• [What you will do]
Only the lines below from the one containing "Chinese Red Paper" through the one containing "Anello in oro" belong in the answer, set down exactly, with the pictures left out.

====== Material to process ======

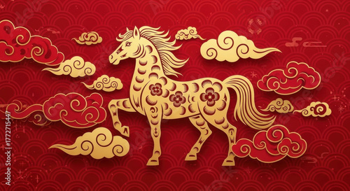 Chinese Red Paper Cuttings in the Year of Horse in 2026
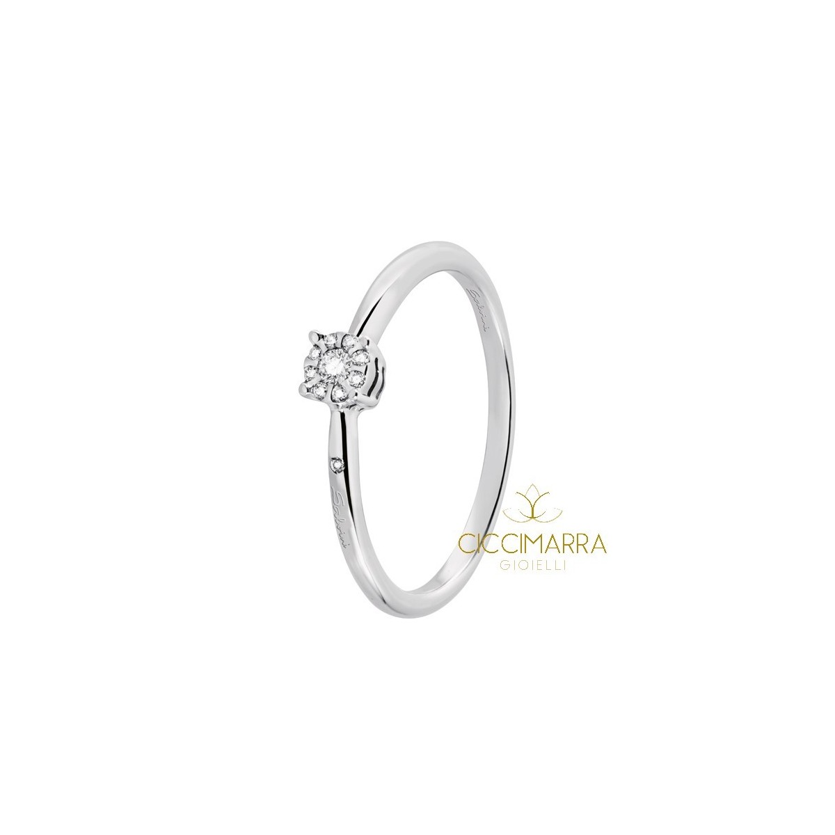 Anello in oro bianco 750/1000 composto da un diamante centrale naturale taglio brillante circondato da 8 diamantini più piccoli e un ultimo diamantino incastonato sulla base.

======
====== Material to process ======

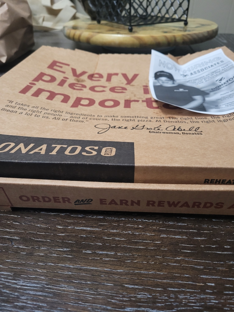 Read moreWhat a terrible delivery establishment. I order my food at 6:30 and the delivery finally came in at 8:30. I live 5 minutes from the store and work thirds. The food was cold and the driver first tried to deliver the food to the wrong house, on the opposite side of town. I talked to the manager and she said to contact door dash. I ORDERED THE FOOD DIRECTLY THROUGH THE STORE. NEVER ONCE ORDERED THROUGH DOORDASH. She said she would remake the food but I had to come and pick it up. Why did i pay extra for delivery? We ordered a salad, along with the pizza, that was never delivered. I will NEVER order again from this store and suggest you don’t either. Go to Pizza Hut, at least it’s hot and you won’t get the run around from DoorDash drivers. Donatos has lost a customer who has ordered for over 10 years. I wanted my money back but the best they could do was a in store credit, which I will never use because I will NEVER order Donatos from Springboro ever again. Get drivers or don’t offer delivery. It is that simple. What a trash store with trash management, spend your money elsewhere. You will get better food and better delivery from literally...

======

• [Exercise solution]
 Chinese Red Paper Cuttings in the Year of Horse in 2026
 Anello in oro bianco 750/1000 composto da un diamante centrale naturale taglio brillante circondato da 8 diamantini più piccoli e un ultimo diamantino incastonato sulla base.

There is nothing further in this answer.